SIX MONTHS ENDED JUNE 30, 2000 AND 1999
Net revenues. Net revenues for the six months ended June 30, 2000 increased
to $63.0 million from $17.6 million for the six months ended June 30, 1999.
Revenues increased primarily due to the acquisition of REZ. Excluding the
effect of REZ, revenues increased $5.4 million, or 30.5%, primarily due to
and higher transaction levels for Pegasus Electronic Distribution and
Pegasus Commission Processing.
Revenues for our hospitality segment were $39.8 million for the six months
ended June 30, 2000. Included in the six months ended June 30, 2000 is
$27.7 million in hospitality revenue related to REZ's operations subsequent
to the April 3, 2000 effective date of the acquisition. Excluding the
effect of REZ, hospitality revenues increased $2.8 million, or 30.4% for the
six months ended June 30, 2000 compared to the same period in 1999.
<PAGE>
Pegasus Commission Processing revenues increased 34.4% for the six months
ended June 30, 2000 compared to the same period in 1999 as a result of a
37.2% increase in the number of hotel commission transactions processed for
our member travel agencies. The increase in the number of transactions was
due in part to an increase in the number of hotel properties and travel
agencies participating in Pegasus Commission Processing. The value of
commissions paid to member travel agencies through our commission processing
service increased 40.2% for the six months ended June 30, 2000 compared to
the same period in 1999 because of an increase in the number of hotel
commission transactions processed combined with an increase in the average
value of commissions processed. Net revenues arising from the increase in
commissions paid was somewhat offset by a reduction in the average fee
received from participating travel agencies for consolidating and remitting
hotel commission payments. The decrease in travel agency fees is due to
consolidation within the travel agency industry. Pegasus expects this trend
to continue.
Revenues for our technology segment were $23.2 million for the six months
ended June 30, 2000. Included in the six months ended June 30, 2000 is
$12.9 million in technology revenue related to REZ's operations. Excluding
the effect of REZ, technology revenues increased $2.5 million, or 30.8% for
the six months ended June 30, 2000 compared to the same period in 1999.
Pegasus Electronic Distribution revenues increased 35.2% for the six months
ended June 30, 2000 as compared to the same period in 1999. This increase
resulted primarily from a 19.1% increase in the number of hotel reservations
made through our GDS and Internet-based distribution services. Transaction
revenue per transaction increased 9.6% due to an increase in the number of
Internet-based transactions, which generate more revenue per transaction.
Pegasus Business Intelligence revenues decreased $70,000, or 8.3%, to
$774,000 for the six months ended June 30, 2000 compared to $844,000 for the
six months ended June 30,1999. Pegasus Business Intelligence revenues
consisted of fees charged to hotels for the development and maintenance of
hotel databases and for consulting services.

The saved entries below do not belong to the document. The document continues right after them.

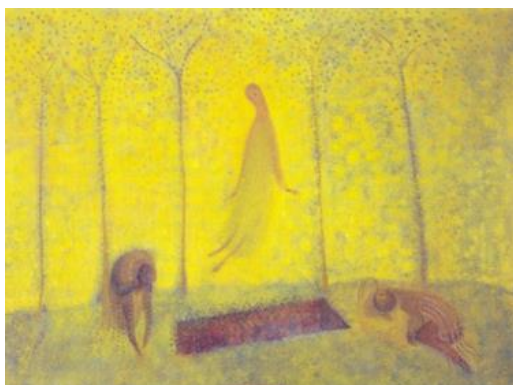
Verrezen Christus. Aad de Haas, kerk Wahlwiller (Limb)

Meer over het Straatpastoraat kunt u vinden op: www.straatpastoraatdb.nl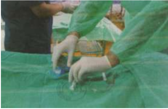
3.6.5. Priprema pribora i otvaranje kanile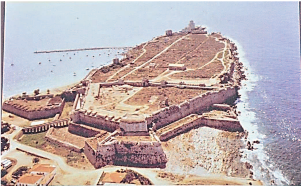
Γενική άποψη του κάστρου. General view of the castle.

V – Vue générale de la forteresse de Modon (Méthoni), affichée à l'entrée du site.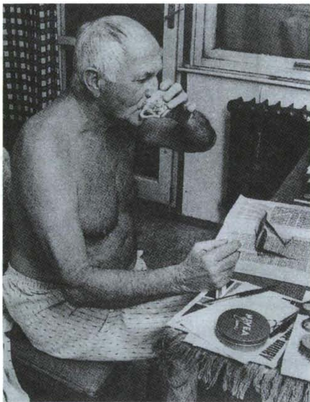
Ma remekmű születik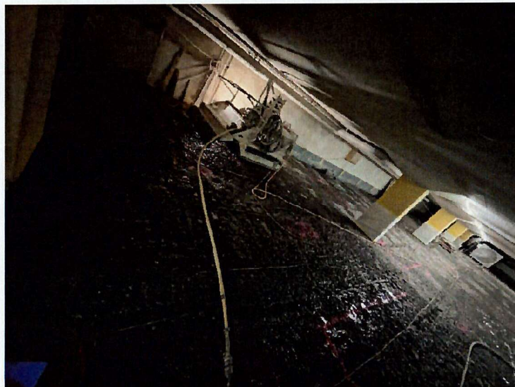
Horizontaler Abtrag des Hartbetons.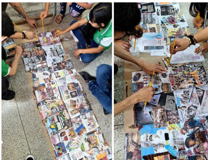
Imagem 1. Atividade desenvolvida na E.E Mário Quirino da Silva, 2025.

KEYWORDS: Dissident Art/Education. PIBID. Research-Creation. Decoloniality.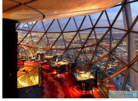
الشكل (2) استخدام الألوان والمساحات كوسيلة للإحساس بالرفاهية.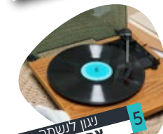
5 שני לנשמה אהרן רזאל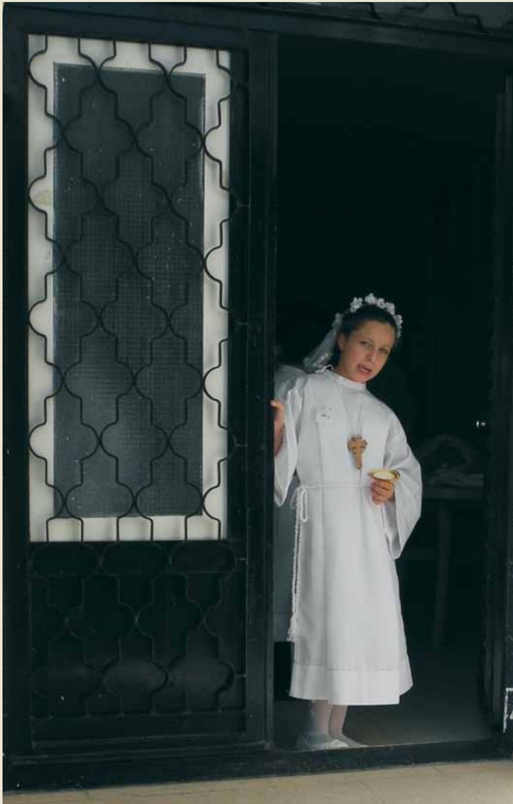
Confirmación en Aqaba.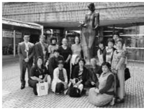
審議会では男女共同参画推進のため先進地研修なども行います。写真は昨年熊本市で行った合同視察研修の様子。

町では、男女がお互いに人権を尊重しながら、性別に関係なく個性と能力を十分に発揮できる社会の実現を目指し、男女共同参画を推進しています。 このたび、新たに男女共同参画推進委員を募集します。委員の仕事は、年に6回程度の会議・研修会に出席して、男女共同参画の推進に関する啓発活動と調査研究をすることです。 あなたも、この機会に日常の中にある課題に目を向けてみませんか。 ●応募資格 町内に住民票がある人または在勤の20歳以上の人 ●募集人員 4人(募集人員を超えた場合は選考します) ●任期 2年(4月～平成33年3月末) ※町規定の報酬・費用弁償を支払います。 ●応募方法 住所、氏名、年齢、電話番号、応募理由を提出してください。(様式は自由) ●応募期限 4月19日(金)※必着 ●郵送先 〒869-1236 大津町大字杉水932番地3 大津町人権啓発福祉センター内 人権推進課 男女共同参画推進係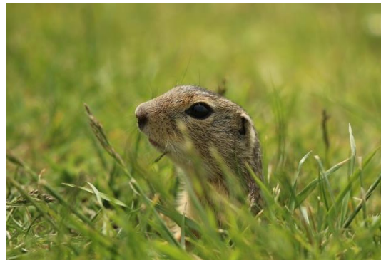
Das seltene Ziesel – eine Erdhörnchenart im Südosten Österreichs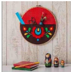
Opbergdecoratie in borduuring

Vaderdag inspiratie! Direct aan de slag 😊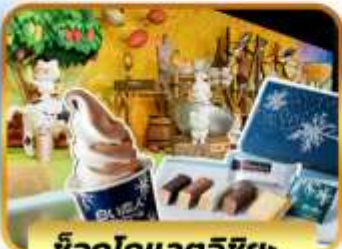
ชีอิกโกแลตอิชียะ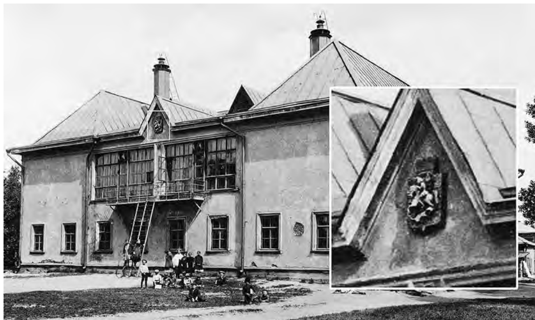
Ил. 7. Здание 1-х Сокольнических мужского и женского училищ (1913–1914). Фотография. Из: Альбом зданий, принадлежащих Московскому городскому общественному управлению. М., 1910. С. 31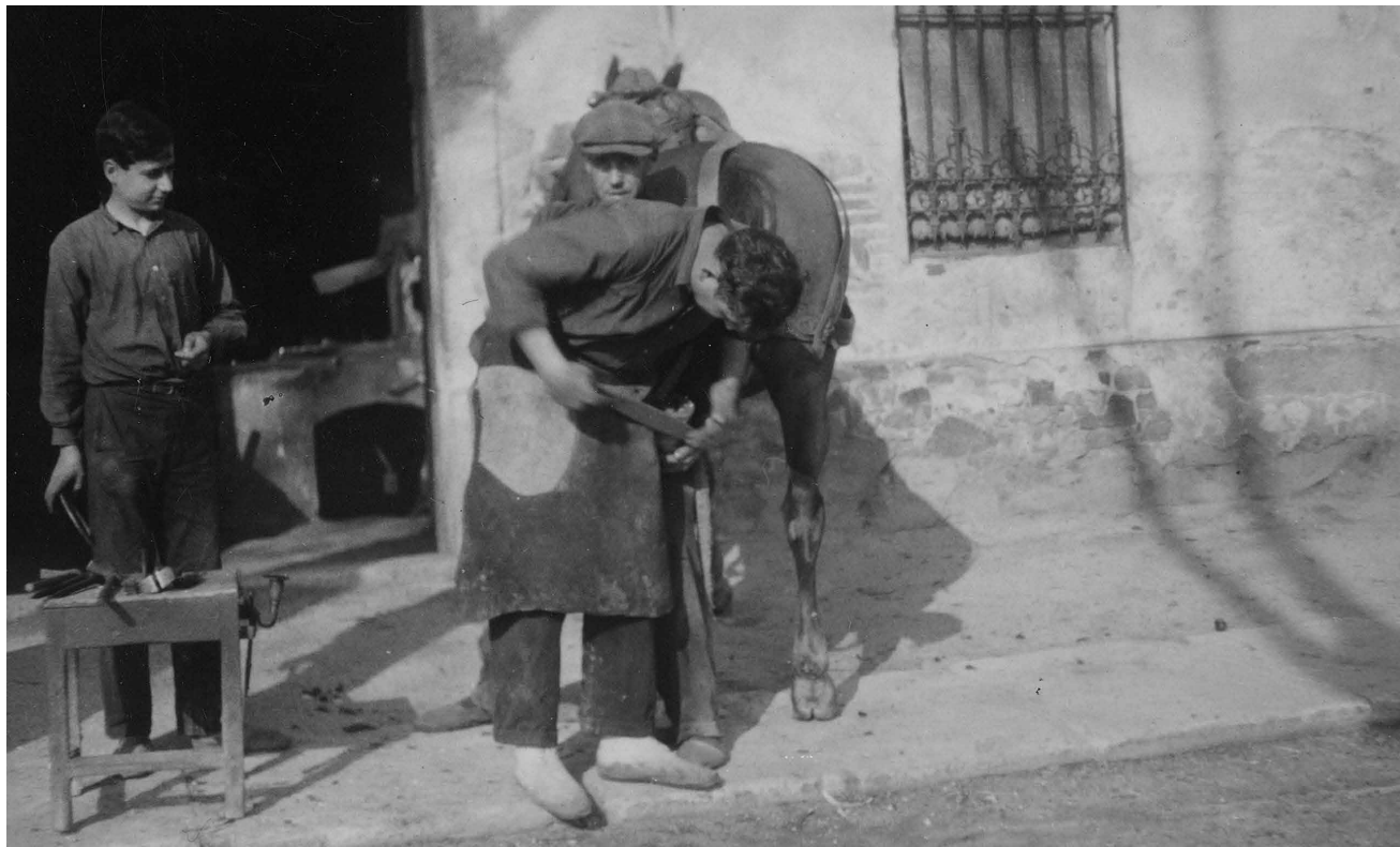
>> Ferrant un cavall, 1930-1940.

Pegasus Business Intelligence had net pretax losses of approximately $2.9
million and $2.0 million for the six months ended June 30, 2000 and 1999,
respectively. Pegasus expects this segment to continue to have losses in
the foreseeable future. However, Pegasus expects the losses to decline as
this segment develops new products, builds its customer base, increases
revenues and reduces costs.
Cost of services. Cost of services were $26.0 million for the six months
ended June 30, 2000. Included in the six months ended June 30, 2000 is
$18.9 million in cost of services attributable to REZ's operations.

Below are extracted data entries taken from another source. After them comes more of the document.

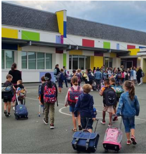
Rentrée scolaire 2022 à l'école R.Daguerre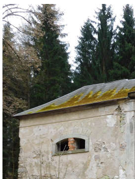
12. Kaple sv.Vojtěcha KRASLICE Skelná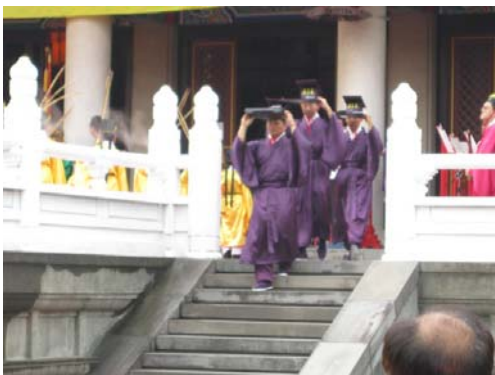
捧祝帛詣燎所。執事者將祝文和玉帛捧出大成門外焚燒。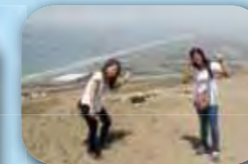
▲砂漠の山から見える海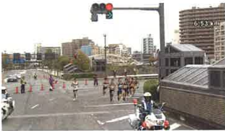
盛岡駅前（不來方橋）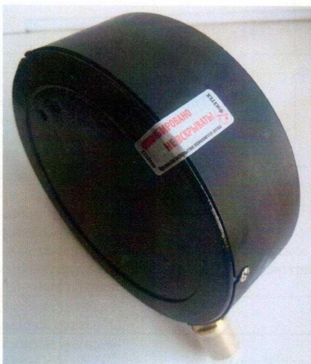
Рисунок 7 – Заводская пломбировка с помощью наклейки

Знак поверки наносится на место соединения корпуса с обечайкой, лицевую часть (стекло), либо на тыльную сторону прибора (по согласованию) в виде наклейки показано на рисунках 7 и 8.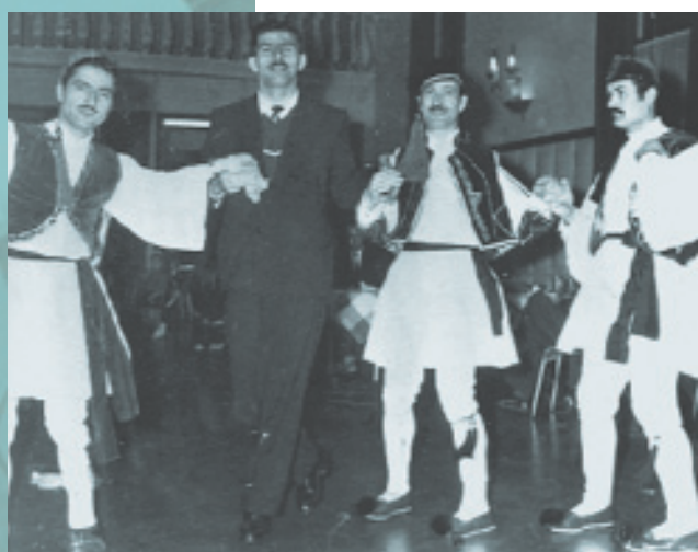
Οι Ελληνικές Κοινότητες του εξωτερικού προσπάθησαν, από τα πρώτα χρόνια της μετανάστευσης, μέσα από διάφορες δραστηριότητες να τονώσουν την πολιτισμική ταυτότητα των μελών τους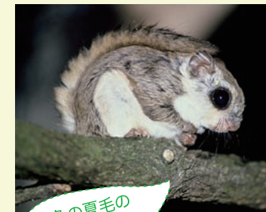
褐色の夏毛のエゾモモンガ

エゾモモンガは1年を通して活動します。春と秋に毛が生え変わり、夏毛は褐色(茶色)、冬毛は白っぽい灰茶の毛色にかわります。冬眠はせず、冬にも1日1度は出てきてえさを食べます。ただし、寒さの厳しい時期の活動時間は短く、明け方近くに1日1回出てきて、1時間弱で巣に帰るときもあります。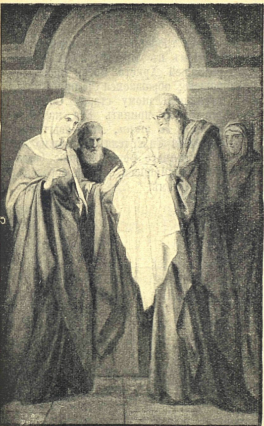
Стрѣтеніе Господа Іисуса Христа.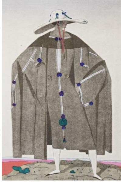
Görsel 1. Paul Poiret, 1920, Tanger

( https://www.edition-originale.com/it/viaggi/africa-e-mondo-arabo/poiret-tanger-ou-les-charmes-de-lexil-robe-1920-54715 )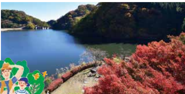
碓氷湖 駐車場・トイレ有 山景色に映える静かな湖。

見どころいっぱいの碓氷峠を巡る、遊歩道アプトの道をゆっくりと散策してみませんか。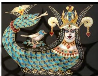
شکل ۸: تابلوی دیواری شاماران (عکس: نگارندگان، روستای لچ، مکریان مهاباد)

تاریخ پیدایش شاماران به روشنی مشخص نیست؛ اما در تمامی روایت‌ها هدف از کشته شدن شاماران، بهبودی، شفا و یافتن آگاهی انسان است. این افسانه در بین اقوام گُرد، درمانگر بودن شاماران و آگاهی او به رازهای جهان را بیان می‌کند. در نقوش و بافته‌های مردم این منطقه، شاماران اسطوره‌ای ترکیبی بین زن و مار است. مردم این روستا معتقدند شاماران روزی آن‌ها را فزونی می‌بخشد. به همین دلیل خانه‌هایی را برای زندگی انتخاب می‌کنند که در اطرافشان مارها دیده شده باشند. گاهی مردم، بال پرندگان را هم برای شاماران متصور می‌شدند (شکل شماره ۸).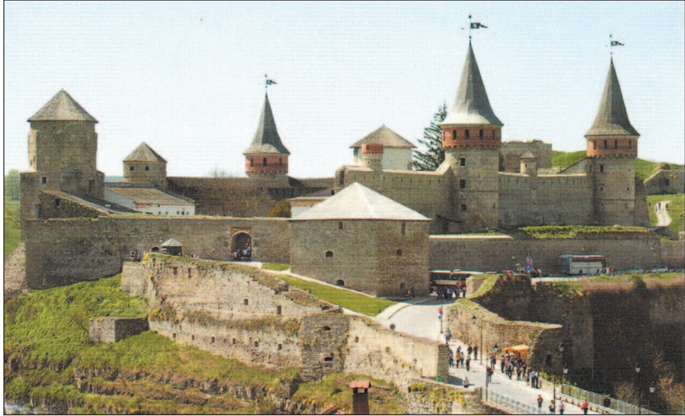
Urok Kresów. Kamieniec Podolski (na zdj.) nie przypadkowo jest partnerskim miastem Sanoka.

W polskiej mentalności słowo Kresy zajmuje niezwykle ważne miejsce. To z jednej strony zmitologizowany, utracony obszar, z milionami ludzi, którzy przez wieki współtworzyli niepowtarzalny klimat wielokulturowości, z drugiej heroiczna walka z nieustanną presją ze wschodu w postaci zagrożenia moskiewskiego, tureckiego, tatarskiego czy też kozackiego.

Excluding the effect of REZ, cost of services increased $2.0 million for the
six months ended June 30, 2000 compared to the same period in 1999. Cost of
services for the old Pegasus business increased due to an increase in
headcount for electronic distribution and commission processing.
Research and development. Research and development expenses were $2.8
million for the six months ended June 30, 2000. Research and development
expenses for the six months ended June 30, 2000 include $1.4 million related
to REZ's operations. Excluding the effect of REZ, research and development
expenses increased $219,000 for the six months ended June 30, 2000 compared
to the same period in 1999.
<PAGE>
Write-off of purchased in-process research and development. During the six
months ended June 30, 2000, Pegasus wrote off $8.0 million for REZsolutions
research and development projects that had not yet reached technological
feasibility at the time of acquisition.
General and administrative expenses. General and administrative expenses
were $9.7 million for the six months ended June 30, 2000. General and
administrative expenses for the six months ended June 30, 2000 include $5.6
million related to REZ. Excluding the effect of REZ, general and
administrative expenses increased $1.5 million for the six months ended June
30, 2000 compared to the same period in 1999. General and administrative
expenses increased due to an increase in headcount as well as other expenses
that were incurred as a result of the acquisition but did not meet the
criteria for capitalization.
Marketing and promotion expenses. Marketing and promotion expenses were
$11.4 million for the six months ended June 30, 2000. Included in the six
months ended June 30, 2000 is $7.8 million in marketing and promotion
expenses attributable to REZ. Excluding the effect of REZ, marketing and
promotion expenses increased $692,000 for the six months ended June 30, 2000
compared to the same period in 1999. Marketing and promotion expenses for
the old Pegasus business increased due to an increase in headcount for
commission processing, business intelligence and corporate marketing.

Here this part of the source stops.